[Data shown]

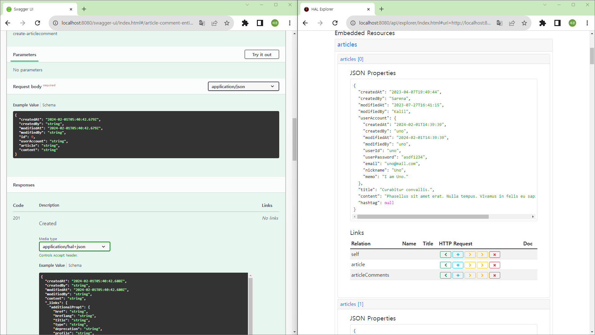 마지막으로 아래는 swagger와 Har Exploer를 비교한 사진입니다.
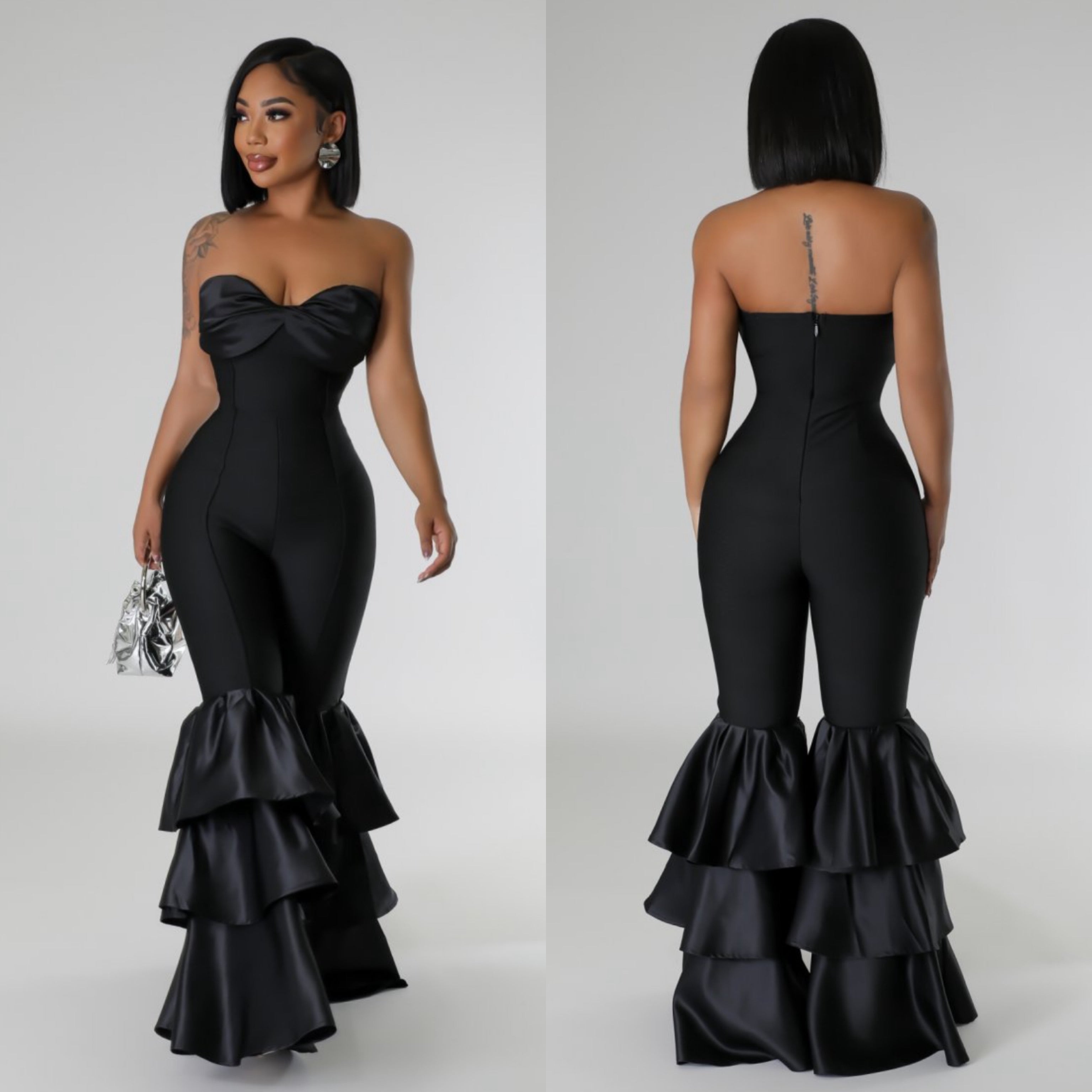 Bold and dramatic statement jumpsuit in sleek black. It features a strapless, sweetheart neckline with a knotted or ruched design at the bust, adding a touch of elegance and femininity. The bodice is fitted, accentuating the figure and creating a sleek silhouette. The standout detail is the tiered, flared ruffles at the lower legs, which add volume and a playful, avant-garde touch to the design. The jumpsuit closes with a hidden back zipper for a seamless finish. This outfit is perfect for upscale parties, fashion-forward events, or occasions where a striking and unique look is desired.
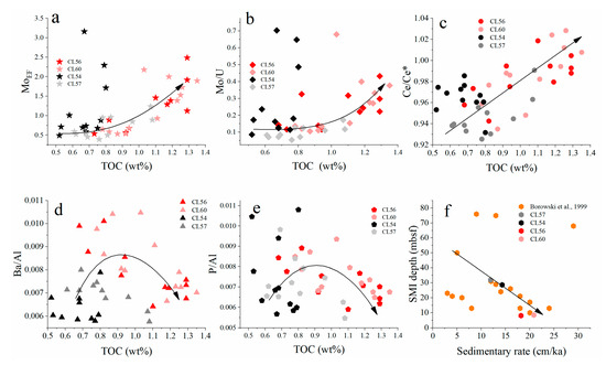 The TOC content in sediments is influenced and regulated by a multitude of sedimentary factors, including sedimentation rate, marine productivity levels, redox conditions, and more [39]. In different regions, the sedimentary factors that control the TOC content may also vary greatly [5,40,41]. For example, some studies suggest that the higher the productivity level in marine sediments, the higher the TOC content [42], but some studies have found that the TOC content sometimes shows an opposite trend to marine productivity indicators [16,43]. The sedimentary condition is not unidirectional for regulating the TOC content. For example, as the sedimentation rate increases within a certain range, the organic matter content will increase, but too high a sedimentation rate will dilute the organic matter content [44]. Therefore, controlling the TOC content in a region is the result of multiple sedimentary factors acting together, and it has a certain regional specificity. The main controlling factors affecting the TOC in sediments may be completely different in different regions.
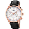 Ανδρικό ρολόι χειρός Lotus από ροζ επιχρυσωμένο ανοξείδωτο ατσάλι με λευκό καντράν και μαύρο δερμάτινο λουράκι.

[Work to be completed] Print only the lines from the opening line of the listing to the line containing "The TOC content in sediments", inclusive, exactly as they appear and without pictures.

[Output for this exercise]
 마지막으로 아래는 swagger와 Har Exploer를 비교한 사진입니다.
 Bold and dramatic statement jumpsuit in sleek black. It features a strapless, sweetheart neckline with a knotted or ruched design at the bust, adding a touch of elegance and femininity. The bodice is fitted, accentuating the figure and creating a sleek silhouette. The standout detail is the tiered, flared ruffles at the lower legs, which add volume and a playful, avant-garde touch to the design. The jumpsuit closes with a hidden back zipper for a seamless finish. This outfit is perfect for upscale parties, fashion-forward events, or occasions where a striking and unique look is desired.
 The TOC content in sediments is influenced and regulated by a multitude of sedimentary factors, including sedimentation rate, marine productivity levels, redox conditions, and more [39]. In different regions, the sedimentary factors that control the TOC content may also vary greatly [5,40,41]. For example, some studies suggest that the higher the productivity level in marine sediments, the higher the TOC content [42], but some studies have found that the TOC content sometimes shows an opposite trend to marine productivity indicators [16,43]. The sedimentary condition is not unidirectional for regulating the TOC content. For example, as the sedimentation rate increases within a certain range, the organic matter content will increase, but too high a sedimentation rate will dilute the organic matter content [44]. Therefore, controlling the TOC content in a region is the result of multiple sedimentary factors acting together, and it has a certain regional specificity. The main controlling factors affecting the TOC in sediments may be completely different in different regions.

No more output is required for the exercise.